Different strokes. One of the big Phoenix perks is that using it instead of just raw Plug has very little performance drop off. It's not a Rails vs Sinatra situation.

The Phoenix Channels implementation for websockets and the view layer for web requests are pretty phenomenal IMHO.

Isn't Phoenix just Plug + Ecto + generators and a folder structure? I always saw it as "how to use Plugs" rather than a separate project.
There are some unique bits too. Phoenix Channels is a beautiful, shit-simple pub/sub abstraction on WebSockets and provides both JS and Elixir libraries. And then came Phoenix Presence, which can track shared state (like a user's online status) in a durable and fault-tolerant way.

Both are useful libraries, but the fact that they work in server clusters as well as single-node deployments is the real kicker. That's just how Erlang rolls.

That's just genservers though right? All of this stuff is just Elixir and generally can be done in Elixir in a few lines of code.

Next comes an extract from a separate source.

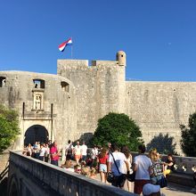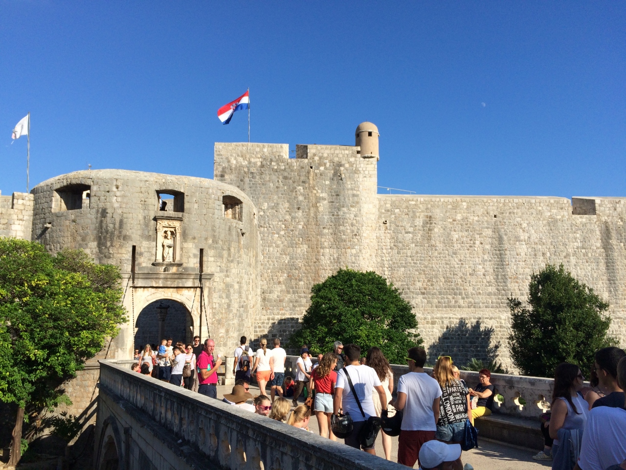 城壁に入るためのメインエントランスです。高く頑丈に組まれた石造りの門はとても歴史を感じます。門を入るとすぐそばに絵や作品を売っているアーティストたちもいました。昼間も良いですが、夜はライトアップされ雰囲気が変わります。
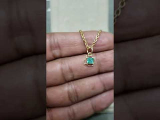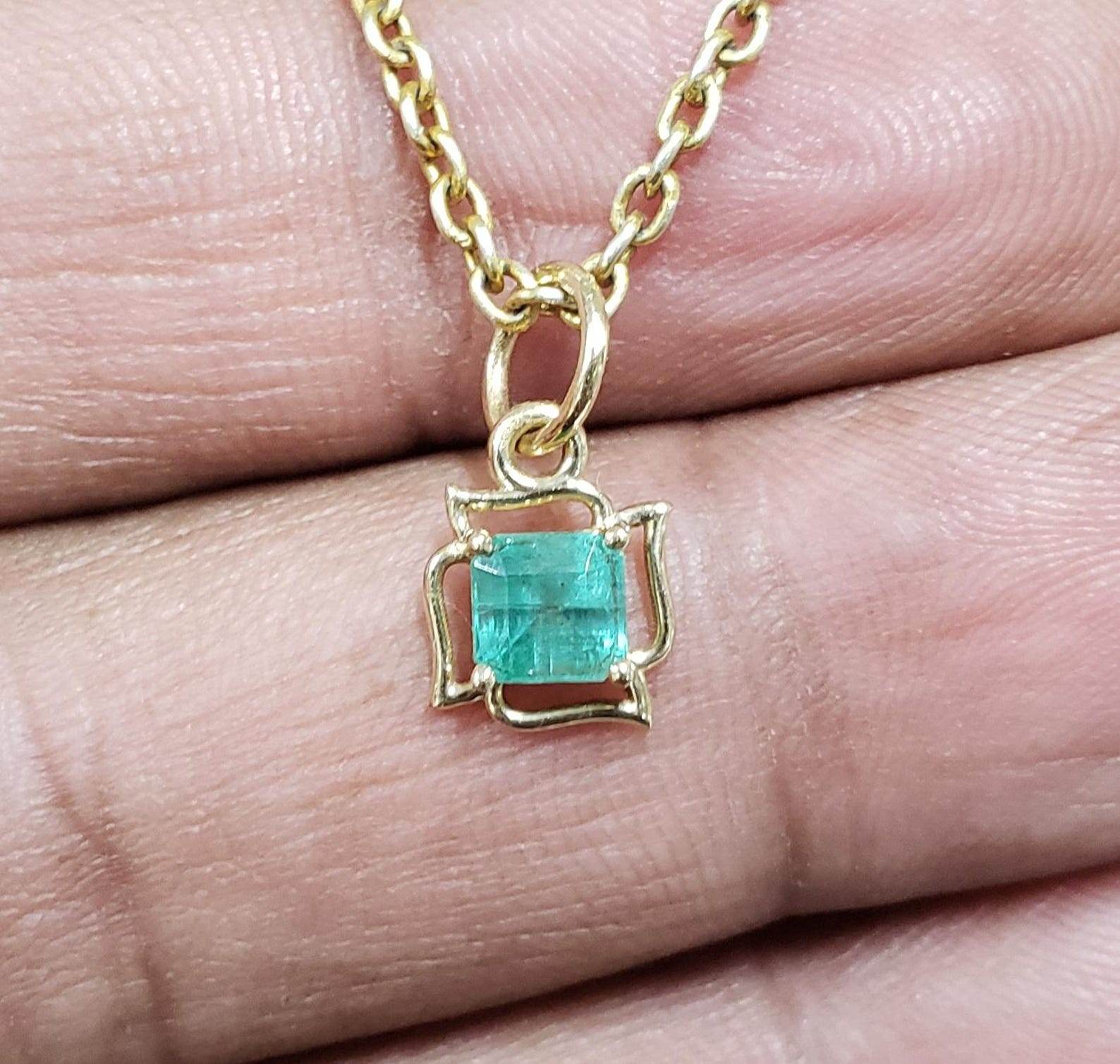 Made from solid 14k gold, the pendant weighs a total of 0.600 grams, including 0.502 grams of pure gold. Each piece is stamped for authenticity and carefully polished to highlight the contrast between the warm glow of gold and the vibrant green of the emerald. The 6 mm bail size makes it versatile for pairing with a variety of chains.

We're experimenting with a truly OTP driven web application right now(No API) where we connect the React app directly to the Elixir backend and only persist to a database on log out. Everything else is persisted in memory and run through genservers which are self healing and self hydrating.

Pretty much anything of value in the Elixir ecosystem is "just" genservers. OTP remains the star of the show.